**ASSIGNED TASK:** Beginning with the line that contains "写真管理の最小単位であり、最", reproduce the remaining lines of the material exactly, up to and including the last one, but no pictures.

**DATASET RECORDS:**
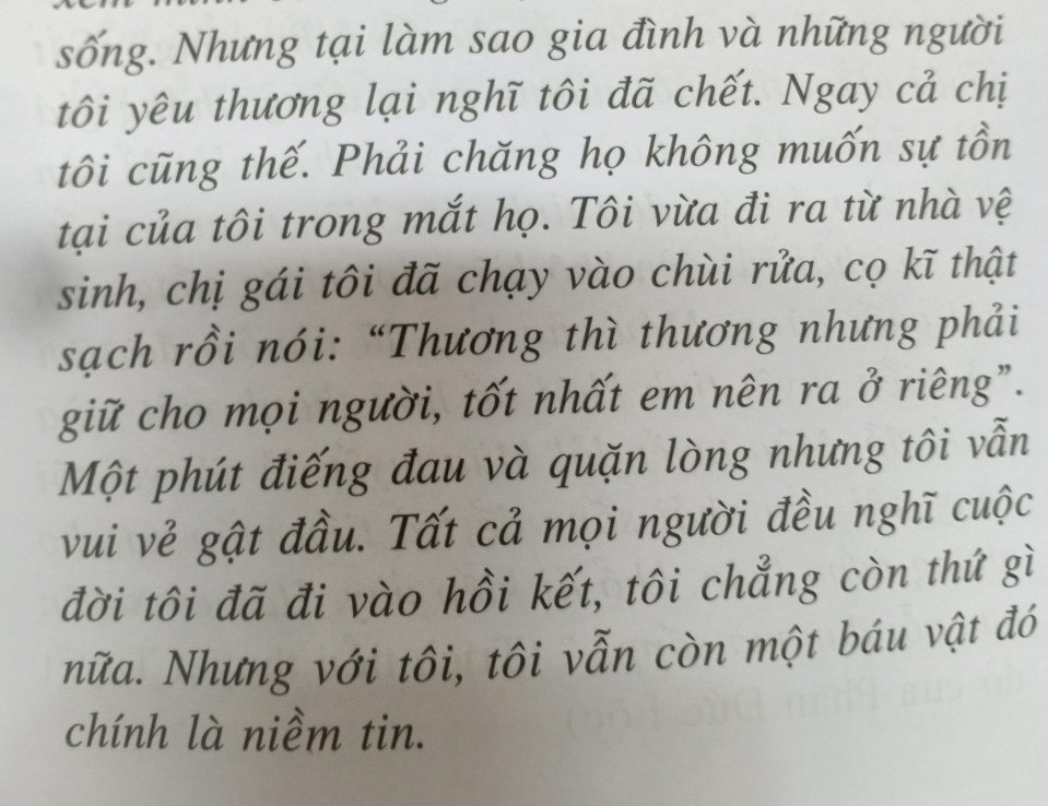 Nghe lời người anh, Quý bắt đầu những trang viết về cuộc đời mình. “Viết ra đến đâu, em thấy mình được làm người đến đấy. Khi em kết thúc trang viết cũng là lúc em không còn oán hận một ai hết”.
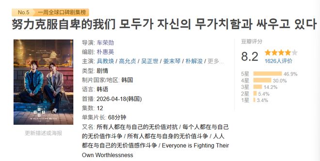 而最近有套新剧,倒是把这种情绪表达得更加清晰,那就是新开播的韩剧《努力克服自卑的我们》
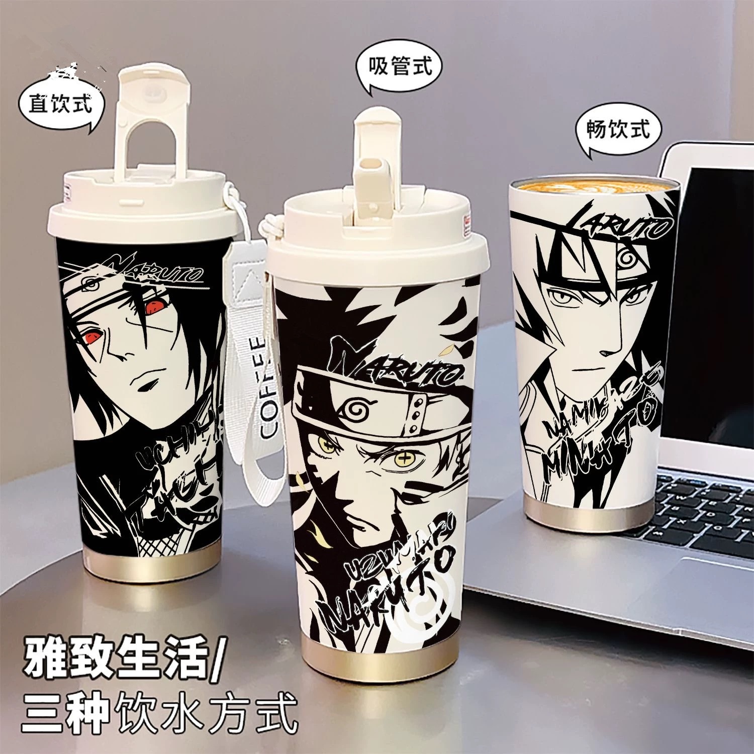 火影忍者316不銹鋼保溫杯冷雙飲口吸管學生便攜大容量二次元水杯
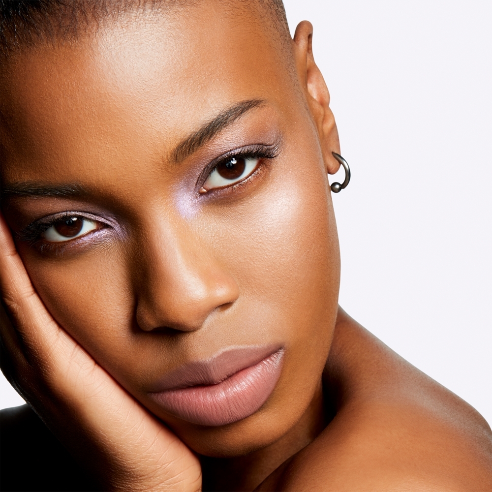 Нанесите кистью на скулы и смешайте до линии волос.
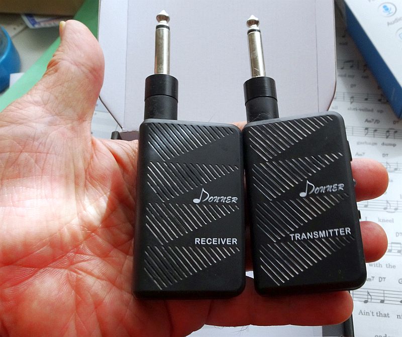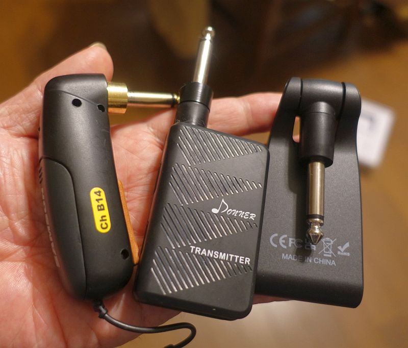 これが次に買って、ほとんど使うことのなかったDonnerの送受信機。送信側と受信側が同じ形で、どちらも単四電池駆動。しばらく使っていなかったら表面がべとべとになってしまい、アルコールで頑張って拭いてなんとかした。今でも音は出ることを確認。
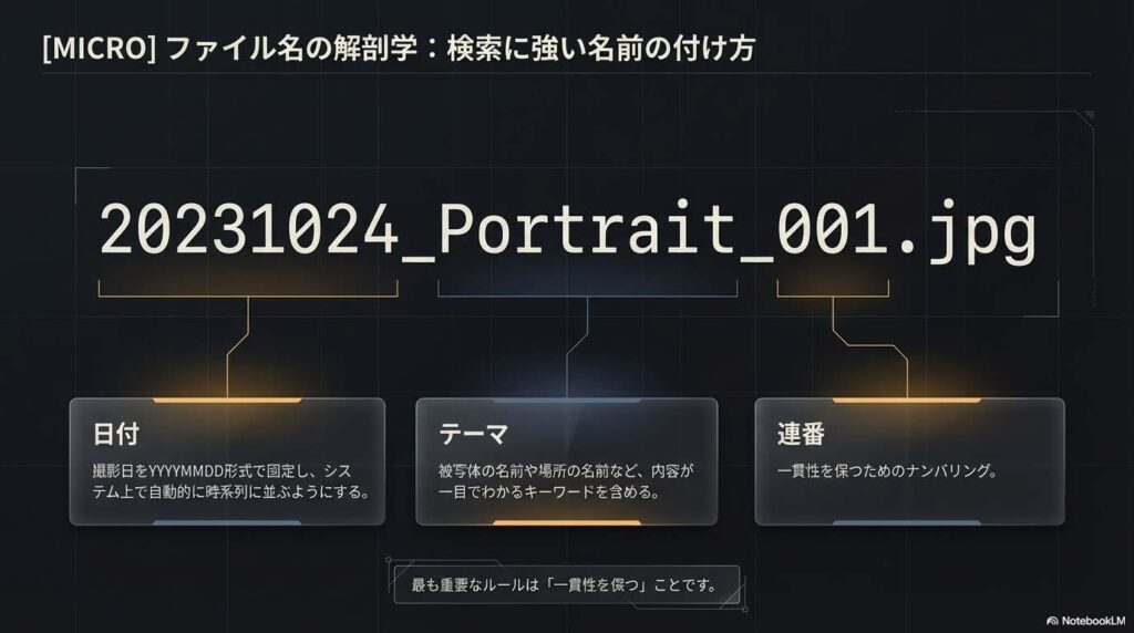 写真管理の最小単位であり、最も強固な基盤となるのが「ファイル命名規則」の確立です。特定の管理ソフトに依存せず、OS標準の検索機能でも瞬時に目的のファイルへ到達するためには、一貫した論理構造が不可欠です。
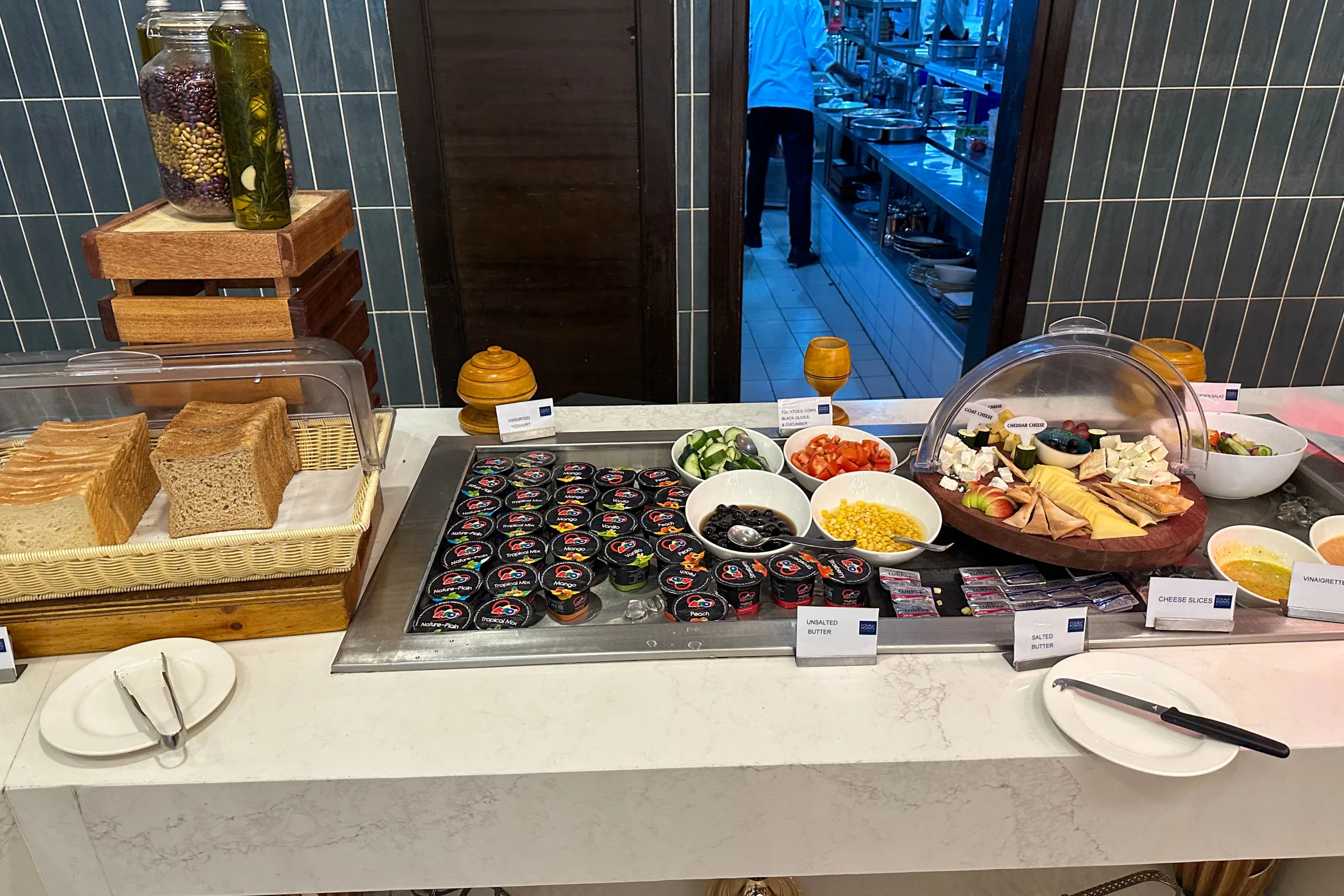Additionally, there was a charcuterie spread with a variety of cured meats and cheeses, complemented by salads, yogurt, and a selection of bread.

**ANSWER FOR THE TASK:**
 写真管理の最小単位であり、最も強固な基盤となるのが「ファイル命名規則」の確立です。特定の管理ソフトに依存せず、OS標準の検索機能でも瞬時に目的のファイルへ到達するためには、一貫した論理構造が不可欠です。
Additionally, there was a charcuterie spread with a variety of cured meats and cheeses, complemented by salads, yogurt, and a selection of bread.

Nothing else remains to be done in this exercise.